One of the Leafs' owners offered to fly his private jet to pick
up Wally and Pam. Why would he do that if he wasn't worried that
Bryan might die? It seemed possible, with all that blood. So
every time the phone rang, Pam cringed. Then she began to worry
about the health of Wally, who was 59 and had diabetes. Pam, 50,
reckons she must have aged 100 years that night.

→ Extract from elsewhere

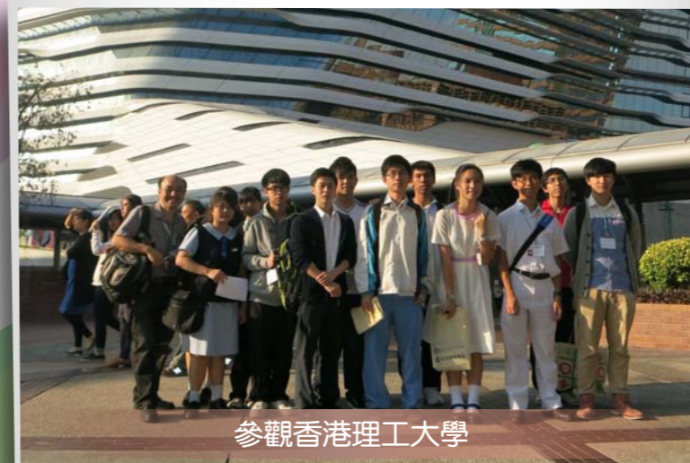
參觀香港理工大學

The teams were skating four-on-four, and the Senators were
pressing the attack. An Ottawa player shot the puck on net and
Berard cleared the rebound to teammate Mats Sundin near the
left-wing circle. But Sundin had difficulty controlling the
bouncing puck as Hossa swooped after it with lightning
quickness. Hossa wheeled to one-time the puck toward the Toronto
goal just as Sundin slapped it away. Hossa's stick continued its
trajectory, and he missed the puck by six feet. Strangely, and
recklessly, he continued with a full-blown follow-through. The
blade of his stick struck Berard in the right eye. Berard fell
as if shot, his stick cartwheeling high in the air as he threw
his hands to his face.
"The carelessness of Marian Hossa is something I'll never get
over," says one Maple Leafs executive. "He had no business
swinging at that puck. It was accidental, but he didn't have to
do it."
Berard felt as if he'd been kicked in the eye by a skate blade.
Lying on the ice, he opened that eye but saw only darkness. Blood
was everywhere, and someone gave him a towel. He was helped from
the ice and a wave of nausea swept over him. "Guys were looking
at me, and I could tell by their expressions that it was bad,"

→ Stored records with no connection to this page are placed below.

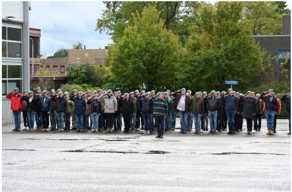
Het opstellen ging best wel goed
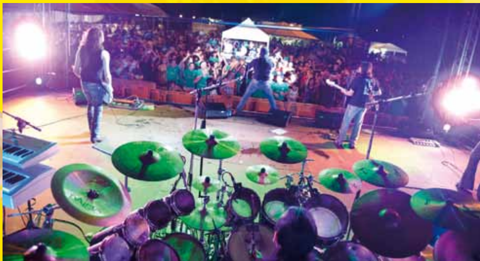
Il concerto dei "Blascover"
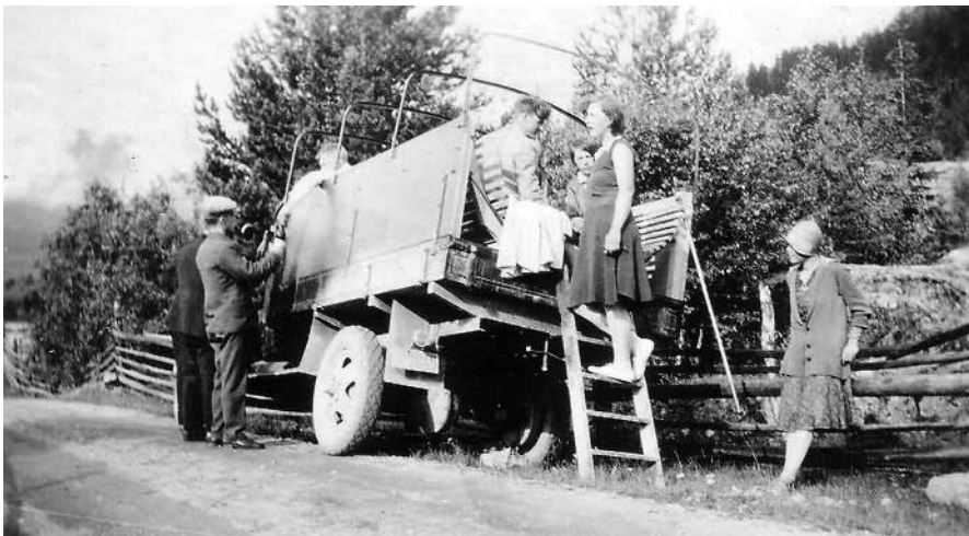
Klart for tur med gam- lebilen, utstyrt med hagekrakker

Berard recalls. "It was like the eye exploded."
The blade of Hossa's stick had made a 13-millimeter cut across
Berard's eyeball, rupturing it. Amid the blood on the ice at the
Corel Centre was Berard's iris and much of the eye's vitreous
body, the gelatinous matter that fills the space between the
retina and the crystalline lens. "It looked like a bloody version
of a soft-boiled egg that's been cut open," says Toronto trainer
Brent Smith.
Berard was taken to Ottawa Civic Hospital, then transferred to
Ottawa General when it became clear that he needed emergency
surgery. The eyeball was flat, like a deflated football, and
Berard saw nothing when doctors shined a light in it. Pam and
Wally Berard were told that there was no better than a 5% chance
Bryan would ever see out of the eye again, and they were asked
for permission to remove the eye if necessary. Only if it's a
case of life or death, Pam replied. Otherwise she wanted the
doctors to wait until she and Wally arrived. "Miracles do
happen," Pam said.
The first operation lasted 3 1/2 hours, until 4:30 a.m. About
three hours later Bryan awakened, and his first thoughts were
that it had all been a bad dream. Then he saw Smith, the trainer,
who'd stayed with him through the night. "What I remember best
was that Bryan was so calm," Smith says. "He never lost it. He
never went through the 'Why me?' syndrome. He never expressed a
grudge against the player who hit him."
At 11 a.m. the doctors unwrapped the bandages. "Everyone's
expectations for recovery were quite low," Smith recalls. "But
when they shined a light into the injured eye, Bryan saw it.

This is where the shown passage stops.